As time goes on, things will fall into place. You truly are going through an overwhelming "thing" right now, but you have to go through it to come out the other side.

comment by shesaidwhat on July 14, 2008 12:16 PM ()
First -- "That’s right…my kids play with garbage."--
Second -- I know you'll be back to the thread. Take your time. And, btw, I'm loving the new pictures you posted this morning.
Third -- That's super cool about your folks, and again, very unfortunate about Don's family. Un-funking-belivable... But where there's a will, there's a way, and I'm sure there has to be a loophole around this family nonsense so he can move to the great white north.
Fourth -- Post pics of the tatty!
Fifth --
comment by mellowdee on July 14, 2008 9:59 AM ()
I can beat you on the motel room...
A group of us got stuck in Bel Air Ohio several years ago..we found the only motel we could.
It was called the '7 INN'...
You have seen Psyco...right???...LOL....
We actually put the chair aginst the door cos we were afraid that we would be murderd in the middle of the night...it is a standing joke now about how we survived that night.
comment by sybilmariee on July 14, 2008 1:49 AM ()
Wow Janet, first of all I've missed you insanely and reading your post has left me with a lump in my throat. I'm neglecting my blog too and not for lack of events happening or emotions felt. Like you, I just don't want to talk about it. I'm glad you blogged even while not feeling like it. I'm thinking of you and the girls and I really miss having Don around too
comment by firststarisee on July 13, 2008 8:18 PM ()
I know what you mean about sometimes not having anything to relaly blog about even though you are so crazy busy. It almost seems like there is too much to share and the overload makes you not want to do it at all. I am glad that things are basically going well, even with all the challenges. I was worried.

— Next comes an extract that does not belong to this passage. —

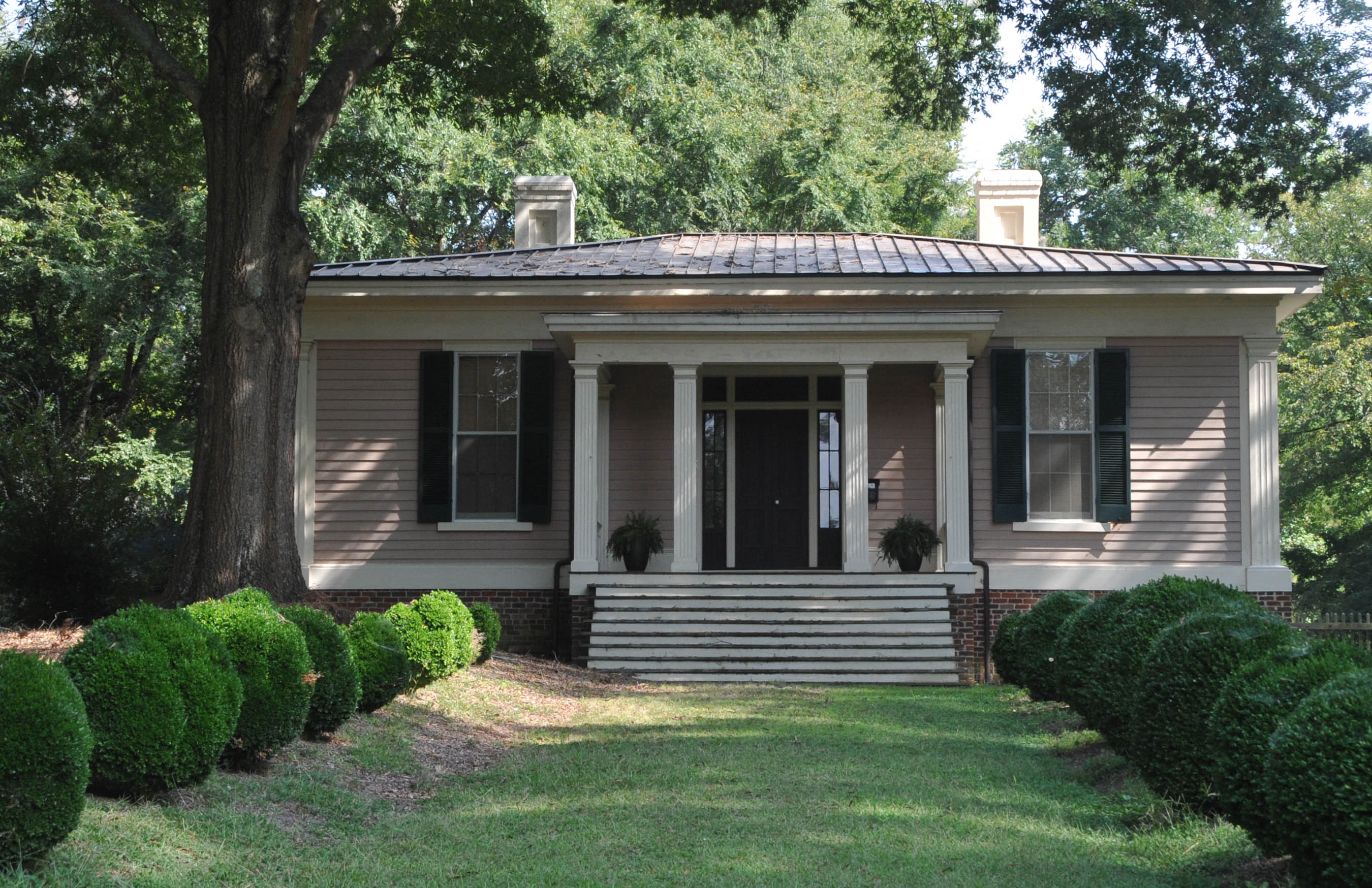 1855; EXOTIC REVIVAL
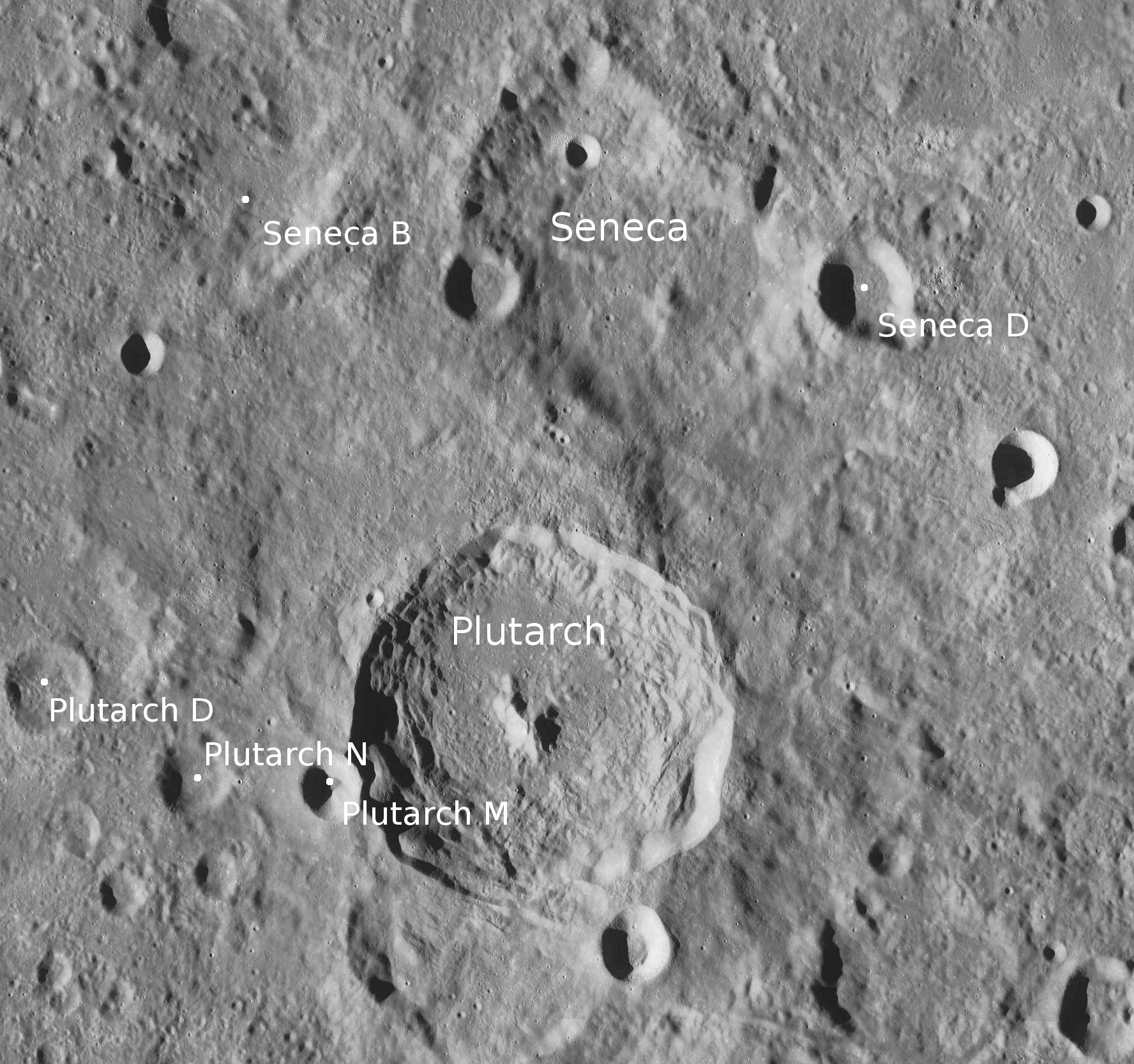 Craters Plutarch and Seneca (detail of LROC - WAC global moon mosaic)

I am so sorry about your disappointment with the Coolata.
AJ
comment by lunarhunk on July 13, 2008 4:22 PM ()
*sigh* I am happy you finally wrote something! lots going on with you. I hate that his mom and sister hate you! what is wrong with them? good grief! I have not been up to blogging lately but that is a topic I cannot post on here due to 'who' reads my blog. Gawd I have missed you and your comments on my blog! take your time getting back into it, if thats what you need. I will still be here, waiting to hear from you.
comment by elkhound on July 13, 2008 3:40 PM ()
I know how you feel about having something to blog about. A year ago I tried to put up something new every day, and was constantly writing new posts in my head. But that was back when I trusted people and felt I could share my innermost thoughts on Blogster or MyBloggers and my friends would understand and love me anyway. Somewhere in the deterioration of Blogster and rude comments by various folks on both sites I stopped trusting and stopped sharing. Now I am more of an observer and often read what people post and move on without comment, and many of my bright ideas go unexpressed.